Who knows if that would be the case if Weber doesn't score when presented with his best look of the series at 14:44 of the second period and the game tied 1-1. The Predators had certainly played well for the first 34 minutes, but they were unable to separate themselves from a San Jose team that has been suffocating Nashville at even strength in this series.

But with some extra ice courtesy of each team serving a minor penalty, Weber did what Weber is supposed to do.  

He collected the puck in the high slot and he hammered it as hard as he could. It was the 13th postseason goal of his NHL career, tying the Predators record established by forward David Legwand.

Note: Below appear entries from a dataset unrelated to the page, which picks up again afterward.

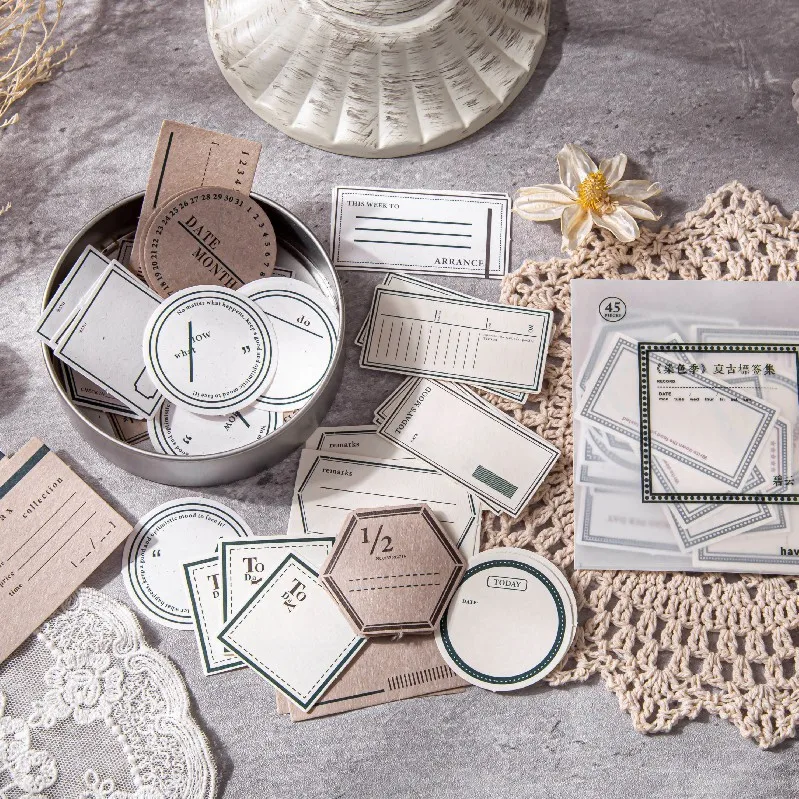 45 шт Винтаж Бумага Стикеры набор Ретро рамки Стиль Клей Diy декоративные этикетки для Скрапбукинг канцелярских принадлежностей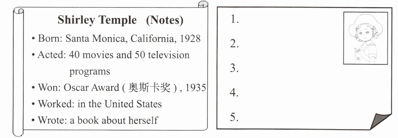 请看下面的记录,然后写出有关 Shirley Temple 生平的完整句子。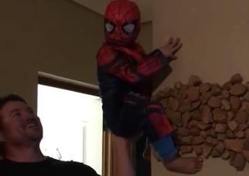 And then he found that his father was holding the boy from behind and the little kid said that he wanted to show everyone that what the powers Spiderman has to fly and save people from danger.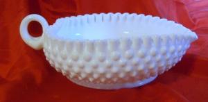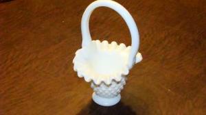 FENTON WHITE MILK GLASS HOBNAIL HANDLED BASKET     Completed    $4.99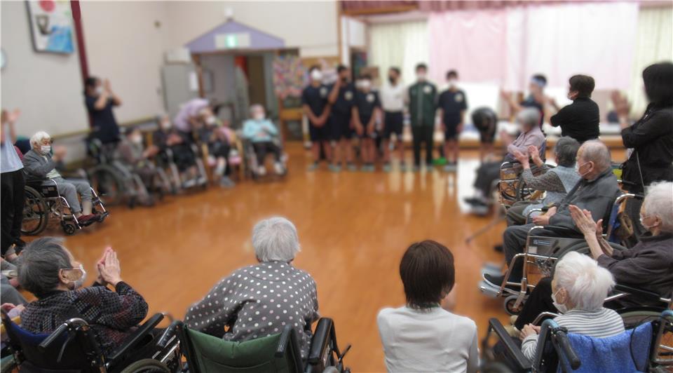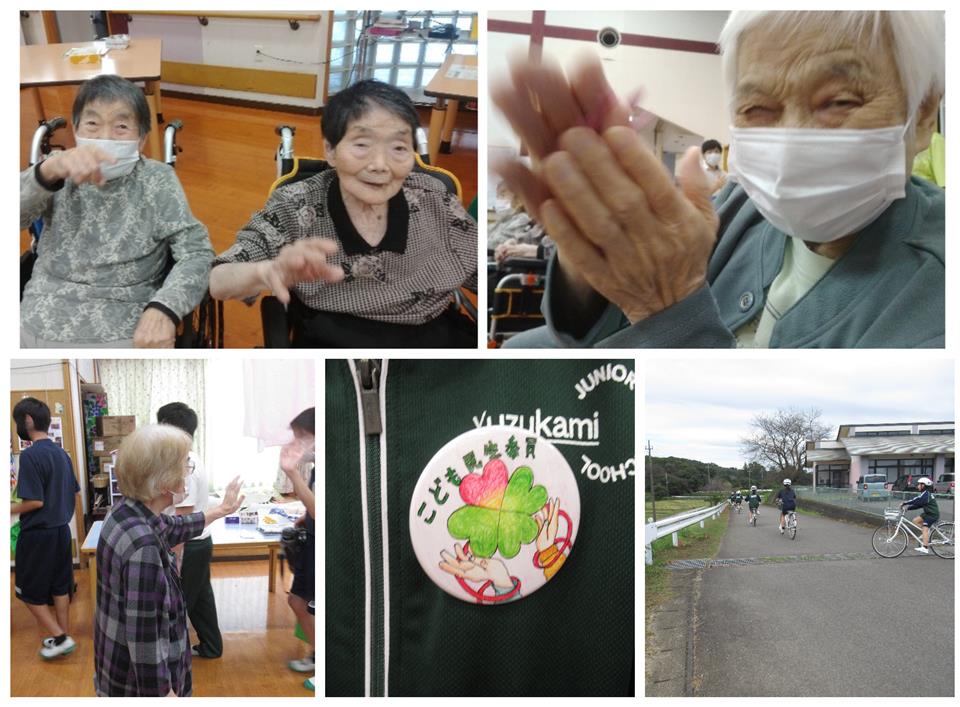 「孫、ひ孫くらいの年だからかわいいね。また来てね」とハイタッチ! 久しぶりの交流に笑顔がたくさんみられました!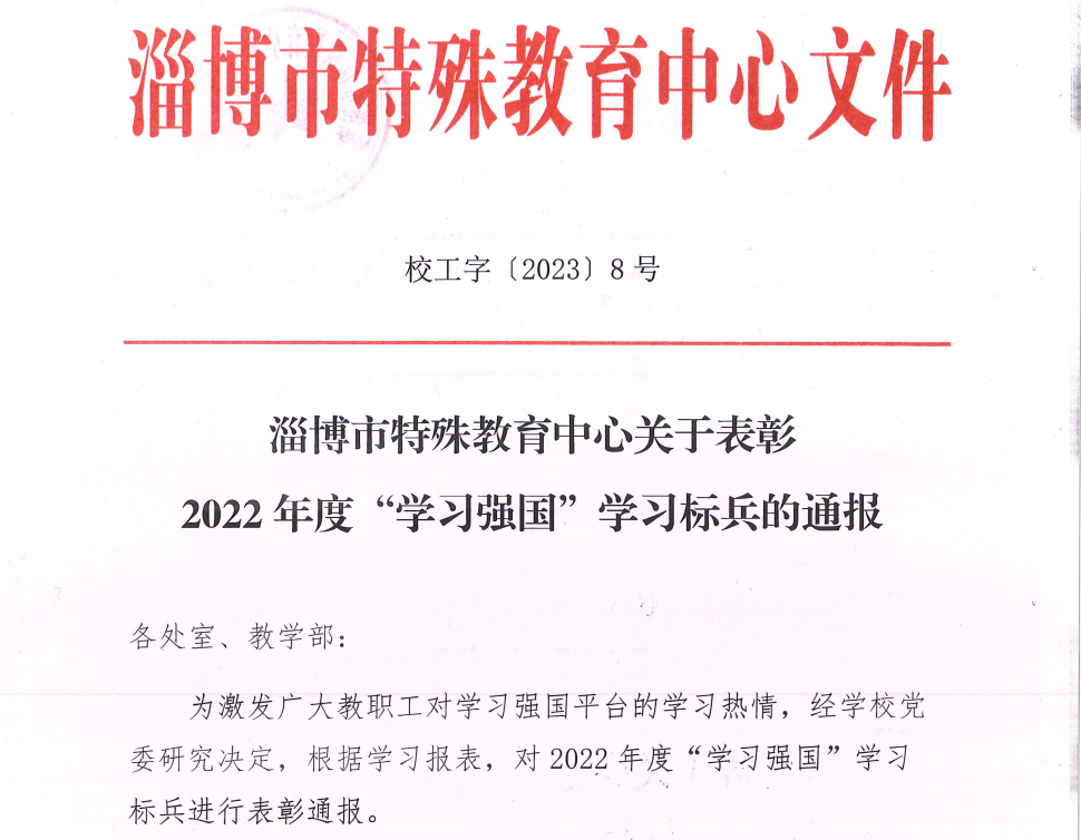 近日,淄博市特教中心對2022年度獲得學?!皩W習強國”學習標兵的老師進行了表彰獎勵。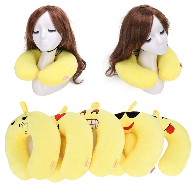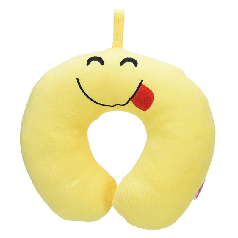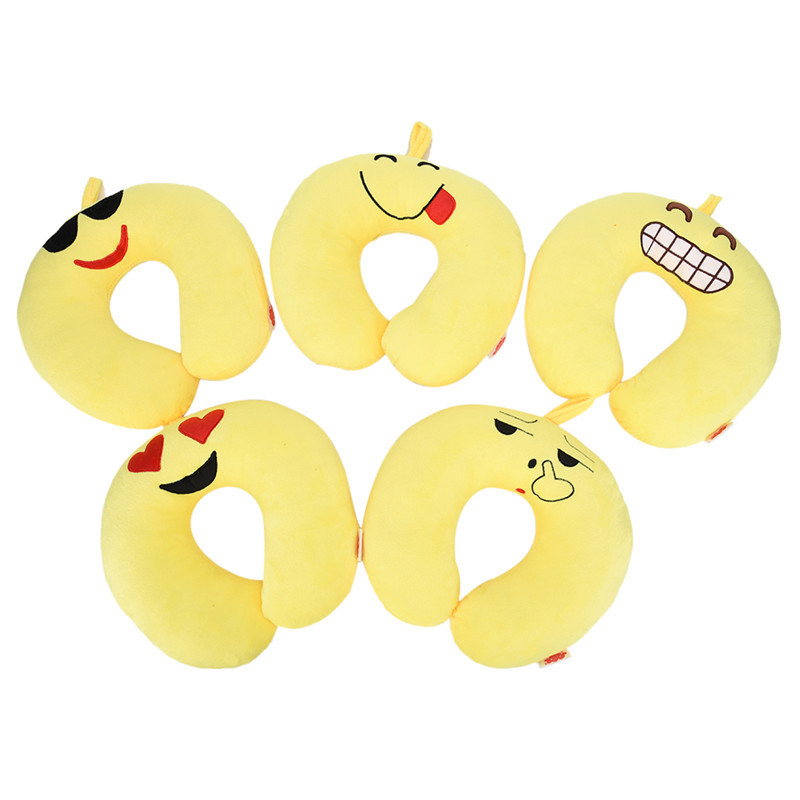 Creative U-Shape yellow brown soft neck head rest Emoji Pillow, Cartoon Emoticon Cushion Throw Pillows, Amusing plush Toy Doll.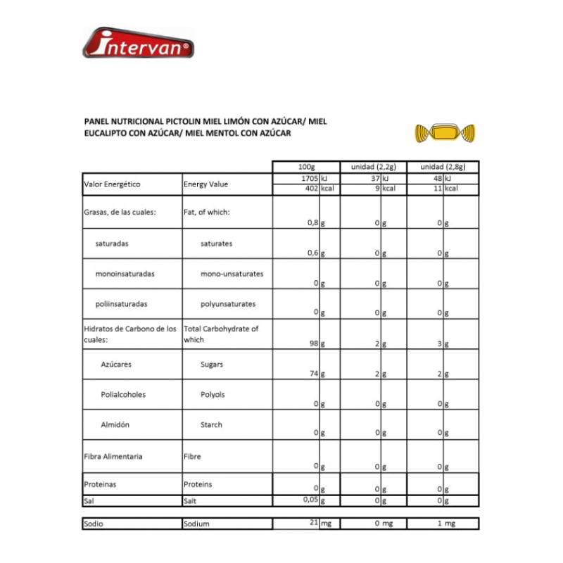Ingredientes:Azúcar, jarabe de glucosa, miel (9%), aroma de limón.

On the shot, the puck fluttered coming off his stick, its aim somehow remaining true, rising ever so gradually and traveling ever so quickly so that the fast-acting glove hand of San Jose goalie Martin Jones was a split-second too slow.

Weber had his first goal of the series after failing on his first 11 shot attempts.

Nashville goalie Pekka Rinne, stationed at the other end of the rink, could certainly appreciate the goal. He's seen a variety of it countless times during practice since the 2005-06 season

Video: SJS@NSH, Gm3: Rinne denies Ward in front with the pad

"It was a nice goal, [cross]bar and in," Rinne said. "That was a timely goal, and it was nice to see it go in."

That's because it was the goal that turned around the game Tuesday; and perhaps when the story is fully told sometime next week, it will have turned around the series.

Nashville played well in each of the first two games, but a five-goal meltdown in the first game and a two-goal letdown in the final 2:40 of Game 2 had left the Predators wondering about the road back and facing a Game 3 of far more gravity than they would have liked.

They had played well, but not well enough to be in the series.

"The biggest thing that can come might be frustration or a mental block," Weber said of the Predators' outlook as their search for even-strength scoring intensified. "I think we made a good point to talk about it this morning and that it's going to come. We just needed to keep doing the right things, getting men to the front of the net, and it's going to find a way in.

"We talked about Game 2 a lot. We liked a lot of the things we did, but obviously they got the better result. In the end, if we are going to play that way, that style, I think we will be successful more times than not."

It's one thing to say it. It's another to prove it. Leaders prove it and that is why Weber wears the "C" for the Predators.

"I've learned a lot [from him]," Nashville left wing Filip Forsberg said. "Just the way he is preparing for the games, he has been unbelievable. He's still stepping it up in the playoffs. That's amazing. I mean, he played so well the first three games [of this series]. He's been the key part of the team, and that is what we need from him."

Things did not start well for Weber. He and Josi were burnt by San Jose center Patrick Marleau in the first period; split by Marleau on the rush before he deked Rinne and put the puck in the vacated net.

But Weber never flinched. He kept coming, willing his team back into the game.

He had help.

Video: SJS@NSH, Gm3: Forsberg's perfect shot beats Jones

Nashville's best players were its best players Tuesday. Left wing James Neal scored the tying goal. Wilson, the Stanley Cup Playoff revelation last spring, got the third goal. Forsberg, the 30-goal scorer in the regular season, scored the final goal. Veteran Mike Fisher had six shots on goal and an assist.

But Weber's fingerprints were all over this victory. He played 24:02, 33 seconds off defenseman Mattias Ekholm's Predators-high 24:35. He created three turnovers and blocked a shot. He led emotionally and physically.

"It's fun for [Weber]," Forsberg said. "That was a huge goal. That's what he has been doing all year, blocking shots in the back end, and then coming up to score goals. We're really happy to have him."